Background: Railway systems all over the world face an uphill task in preventing train delays. Categorically in India, the situation is far worse than other developing countries due to the high number of passengers and poor update of the previous system. As per a report in Times of India (TOI), a daily newspaper, around 25.3 million people used to travel by train in 2006 which drastically increased year on year to 80 million in 2018.
Objective: Deploy Machine Learning model to predict the delay in arrival of train(s) in minutes, before starting the journey on a valid date.
Methods: In this paper we combined previous train delay data and weather data to predict delay. In the proposed model, we use 4 different machine learning methods (Linear regression, Gradient Boosting Regression, Decision Tree and Random Forest) which have been compared with different settings to find the most accurate method.
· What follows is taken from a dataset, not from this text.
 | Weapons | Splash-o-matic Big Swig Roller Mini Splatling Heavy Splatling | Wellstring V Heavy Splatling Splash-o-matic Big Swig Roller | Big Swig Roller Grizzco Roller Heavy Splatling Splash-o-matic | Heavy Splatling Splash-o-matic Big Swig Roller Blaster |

Results: Linear Regression gives 90.01% accuracy, while Gradient Boosting Regressor measure 91.68% and the most accurate configuration of decision tree give 93.71% accuracy. When the researcher implemented the ensemble method, Random forest regression, the researcher achieved 95.36% accuracy.
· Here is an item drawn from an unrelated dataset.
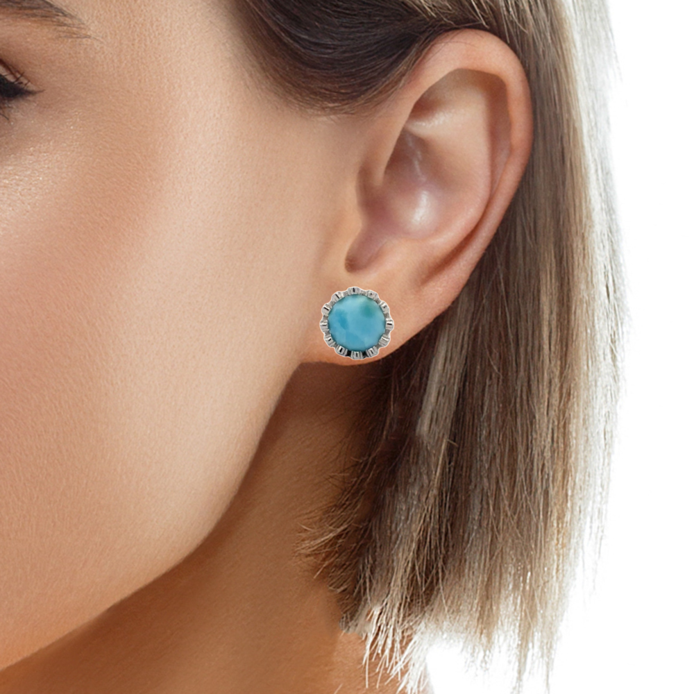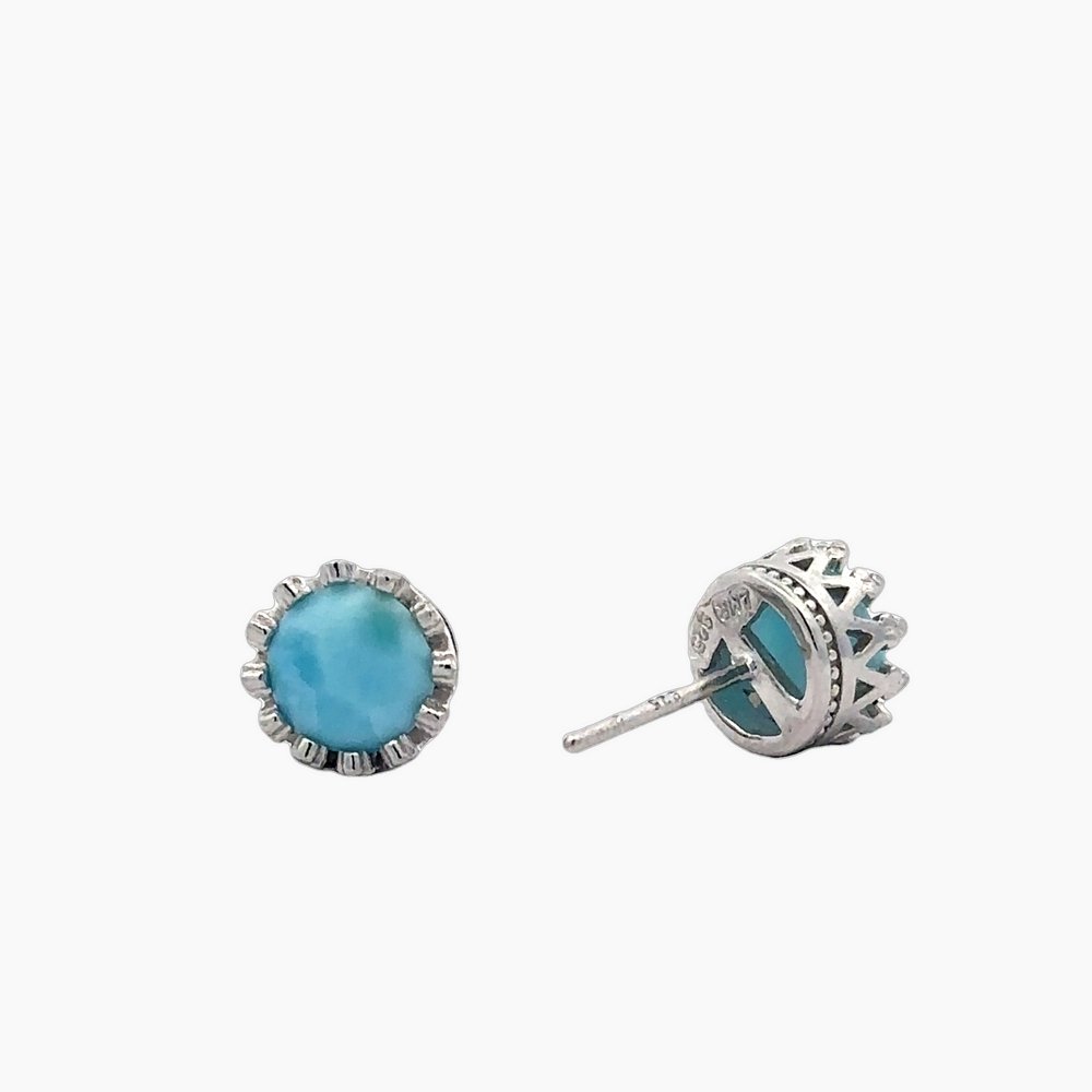 Larimar 7mm Stud Crown Earrings

Conclusion: Trains in India get delayed frequently. This model would assist the Indian railways and concerned companies by giving the possibility of finding frequent delays during certain times of the week. The Indian railways could thereafter implement delay preventions during these particular times of the week in order to maintain a good on-time arrival rate.
Keywords: Train delay, linear regression, GBR, decision tree, random forest, algorithm.